Probabilistical The Box Hypercluster is upper structure of Probabilistical The Box Supercluster (which looks approximately same as it from inside perspective). Countless supercluster structures are spread and connected together by little tiny infinite 1D strings (thus invisible), and connection constantly crumbles and reconnects by unknown interactions.

### ⌬ Some Facts About Hypercluster

Probabilistical The Box Hypercluster is an ordinal transinfinite structure enveloped by every possible dimensions and kinds of alternative dodecahedrons and above regular polyhedron. Why dodecahedton especially? It is because I like it ehhh I mean the dodecahedron is most liked because it is much more stable for energy holding than other polyhedrons.
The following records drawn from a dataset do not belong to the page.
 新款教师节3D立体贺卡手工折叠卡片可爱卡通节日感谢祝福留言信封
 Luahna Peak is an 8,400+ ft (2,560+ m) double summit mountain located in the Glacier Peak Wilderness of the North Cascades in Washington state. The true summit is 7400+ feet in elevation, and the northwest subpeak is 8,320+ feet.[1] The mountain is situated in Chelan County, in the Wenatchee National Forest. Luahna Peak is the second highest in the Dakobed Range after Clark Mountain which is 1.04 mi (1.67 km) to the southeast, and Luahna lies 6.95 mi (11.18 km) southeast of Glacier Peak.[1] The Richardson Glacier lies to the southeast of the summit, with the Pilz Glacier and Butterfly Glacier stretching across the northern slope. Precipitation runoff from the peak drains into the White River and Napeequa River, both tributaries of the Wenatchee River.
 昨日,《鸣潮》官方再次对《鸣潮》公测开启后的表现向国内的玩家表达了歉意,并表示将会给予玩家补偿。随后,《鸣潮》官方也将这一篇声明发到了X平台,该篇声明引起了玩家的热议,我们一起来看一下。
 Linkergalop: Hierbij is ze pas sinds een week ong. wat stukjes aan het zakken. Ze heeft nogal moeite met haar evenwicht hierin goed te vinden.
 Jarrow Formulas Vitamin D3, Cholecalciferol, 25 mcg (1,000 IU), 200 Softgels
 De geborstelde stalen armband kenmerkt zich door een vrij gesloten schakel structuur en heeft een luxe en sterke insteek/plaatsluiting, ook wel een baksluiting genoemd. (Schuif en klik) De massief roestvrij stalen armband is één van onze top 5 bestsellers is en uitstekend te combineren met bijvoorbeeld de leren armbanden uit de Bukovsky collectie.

Like supercluster, hypercluster has galaxies, cores, things and so on. The only difference is that every boxes are replaced with different levels of superclusters. Anyways, hypercluster is weird place :/

Some weird trait is that inside and outside view of hypercluster is not the same. The Particle, which envelops few unique hyperclusters, has 5% of space taken up by hypercluster even though it is transinfinitely larger than hypercluster.
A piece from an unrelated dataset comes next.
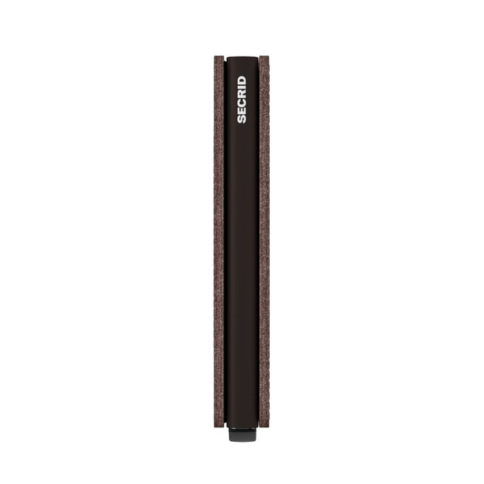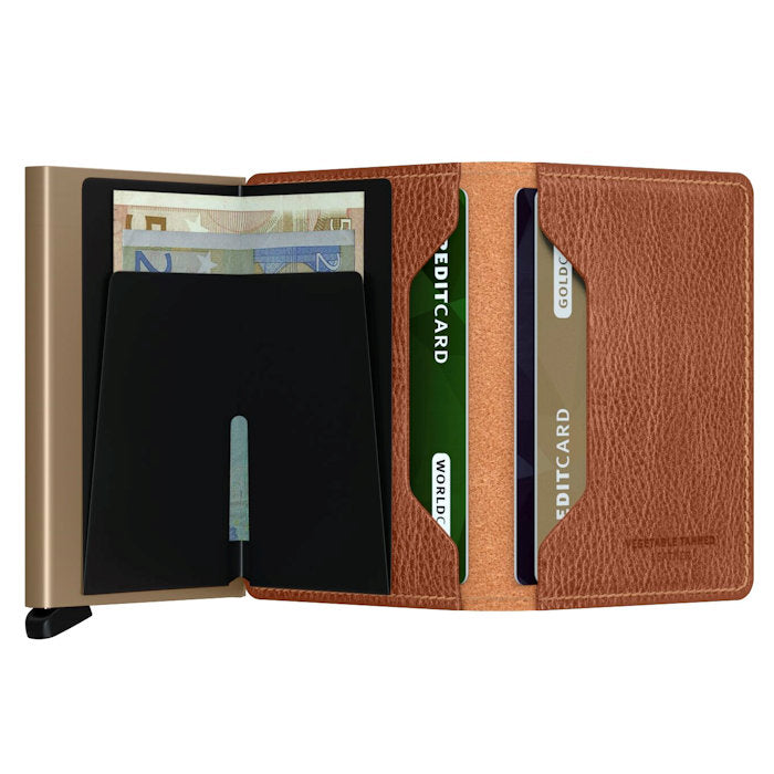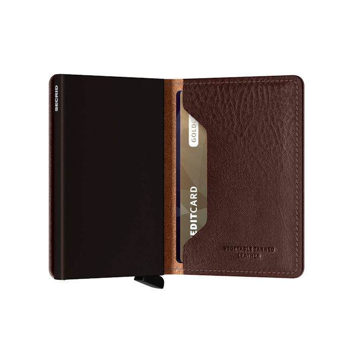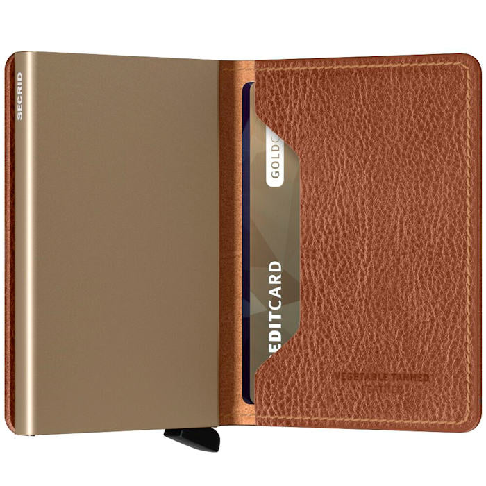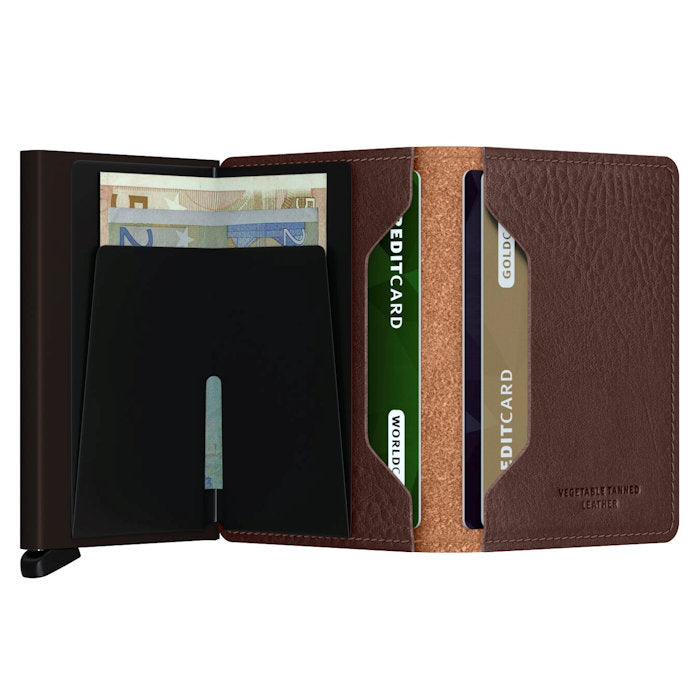 An Italian family tannery employs the traditional process of vegetable tanning to make this distinctive leather age beautifully. Made of European cowhide, The billfold reinvented. Its slim profile allows the Slimwallet to fit perfectly into any pocket. The open exterior is designed extra wide to accommodate cards, banknotes and receipts. The Card protector mechanism enables you to slide out cards with a simple motion, while the aluminum construction protects your cards from bending, breaking and unwanted wireless communication. The Slimwallet's open exterior wrap does not feature a button or magnet closure system. Holds:

Reason for varying size of hypercluster is... it's not actually hypercluster's fault, it is The Particle's fault. Inner void between The Particle and Hypercluster is much, much smaller than what it actually is. Further explanations in those pages!

However from inside perspective, hypercluster is still transinfinitely smaller than The Particle. What is weird is that as soon as something escapes hypercluster, its perspective immediately decides: "5% of The Particle's inner space is taken up by hypercluster."

### ⌬ Size, temperature, and things like that

All "things like that" are transinfinite inside hypercluster, unlike Probabilistical The Box Supercluster which had finite "things like that".

Temperatures are quite hot here at ordinal infinities or degrees. And it is really fat at transinfinite ordinal absolute infinity. And you know what, its outermost polyhedron layer is transinfinitely sharp. Even though it is only energy flowing around in ordered pattern, don't touch it. It won't only make your finger bleed, it will also shatter you into complete energy.

### ⌬ Larger Spacetime Web

In hypercluster, there is spacetime web that acts just like inside-supercluster spacetime web. It is critical for flow of dimensional gas, and is important for everything others to work.

## ⌬Things Making Up Hypercluster

Like supercluster, Probabilistical The Box Hypercluster is made of countless things. Only its composition is quite large, some more than biggest infinite ordinal: the Ω ordinal.

### ⌬Superclusters

Superclusters are incredibly complicated hyperdimensional polyhedron shape that contains ordinal absolute infinite amount of objects inside it ("ordinal amount" is literally impossible, but one of most important original trait of these weird things is "containing everything possible & impossible"). The superclusters are main ingredient of hyperclusters, with its inside objects. Objects that can exist inside supercluster also exists in hypercluster space. A lot, A LOT OF THEM.

#### ⌬Level 1 to 5 Superclusters

Left is 3D dimensional visualized polyhedron of standard supercluster.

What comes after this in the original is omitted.